Amine 8 (483 mg, 800 μmol), acid 13 (308 mg, 800 μmol), EDC (161 mg, 840 μmol) and HOBT (113 mg, 840 μmol) and 2 chips of DMAP and were dissolved in CH₂Cl₂ (10 mL) and stirred at RT for 2 h. The reaction mixture was added to a column and chromatographed (2.5 × 20 cm, silica gel, CH₂Cl₂ (300 mL), 9/1 CH₂Cl₂/MeOH (300 mL), 4/1 CH₂Cl₂/MeOH (300 mL). The active fractions were combined and concentrated to a frothy glass to give 14 (560 mg, 72%). The hard glass was scraped out to give an orange powder (460 mg). TLC (9/0.9/0.1 CH₂Cl₂/MeOH/NH₃) R_f = 0.44; ¹H NMR (DMSO-d₆) δ 10.85 (s, 1H), 8.60 (br t, 1H), 8.40 (br t, 1H), 8.02 (br s, 4H), 7.92 (b s, 1H), 7.73 (d, J = 8.1 Hz, 1H), 7.55 (s, 1H), 7.27 (d, J = 8.1 Hz, 1H), 7.00 (d, J = 8.1 Hz, 1H), 6.88 (br t, 1H), 6.76 (s, 1H), 6.66 (d, J = 8.1 Hz, 1H), 3.47 (m, 20H), 3.19 (m, 1H), 3.12 (m, 1H), 2.90 (s, 2H), 2.67 (t, 2H), 2.52 (m under DMSO, 2H), 2.38 (s, 3H), 2.31 (s, 2H), 1.77 (m, 4H), 1.33 (s, 9H), 0.99 (s, 6H); HRMS (ESI) [M+H]⁺ calcd for C₅₁H₇₁N₈O₁₁, 971.5237; found 971.523575.
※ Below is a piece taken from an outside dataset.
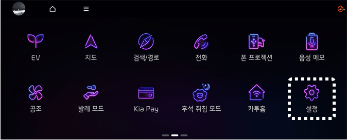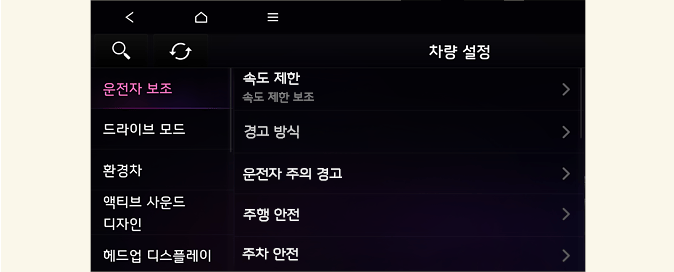 차량에서 표시할 항목이나 안내할 항목을 설정할 수 있습니다. 인포테인먼트 시스템 화면 내에 차량 설정 메뉴를 선택한 후에 해당 항목들을 설정하십시오.

5.2. Resin Synthesis (GE Healthcare Instructions 71-7086-00 AFA)

Buffers and solutions

Swelling solution	1 mM HCl
Coupling buffer	0.1 M NaHCO3, 0.5 M NaCl, pH = 8.3
Capping solution	1 M ethanolamine
Low buffer	0.1 M AcOH/NaAcOH, 0.5 M NaCl pH = 4
High buffer	0.1 M TRIS-HCl, 0.5 M NaCl pH = 8
Storage buffer	0.1M KH2PO4, pH = 7.4 w/200 mg NaN3/L

Ligand 14 (25 mg 25.74 μmol) was dissolved in trifluoroacetic acid (1 mL). TLC (9/1/0.1: CH₂Cl₂/MeOH/NH₃) showed loss of starting material and formation of a lower product 12. The mixture was concentrated, then dissolved in ethanol (5 mL) and concentrated again. The residue was then dissolved in ethanol (5 mL) for addition to the resin.
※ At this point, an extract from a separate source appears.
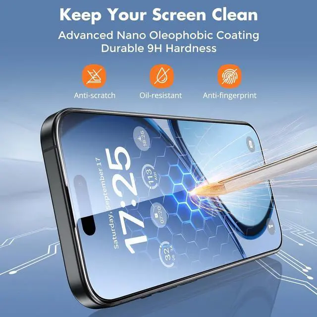 3D curved edge design: fully fits with iPhone 15 super-ceramic panel (curvature radius 4.5 mm) 99.9 % screen coverage (no white/black edges). Perfect compatibility with 95% of iPhone 15 cases on the market say goodbye to film case fight?????????????????????? -?????????????????????????????????????????? - This iPhone 15 screen protector uses nano-oleophobic coating (SGS certified) and the fingerprint residue is 92% less than that of others (after applying oil and wiping 3 times the others has 78% visible fingerprint area and ours only has 6%). After 5000 finger friction tests (MIT durability standard) the integrity of the oleophobic layer remains 98% (ordinary films is 60%-70%). Each film undergoes 20 quality inspections before leaving the factory and the uniformity of the oleophobic layer reaches 99.7 %. A special cleaning kit is included to increase the activation coating effect by 20%??.

In a big 275 mL column, CNBr-activated Sepharose™ 4B (25 g) was swelled in 1 mM HCl (450 ml) and then washed with 1 mM HCl (5 L). The resin was washed with coupling buffer (125 mL) and then slurried with coupling buffer (125 mL). The mixture was then treated with the linker-PEG-6 compound described above. The mixture was tumbled at RT for 4 h. The resin was then drained and washed with coupling buffer (5 × 125 mL), diluted with more coupling buffer (~125 mL) and treated with capping solution (2 mL) and rotated at RT for 2 h. The solution was drained and washed with 3 rounds of high buffer/low buffer (250 mL ea.) and finally washed with water (250 mL) and transferred in storage buffer (125 mL) to a bottle and stored at 4 °C.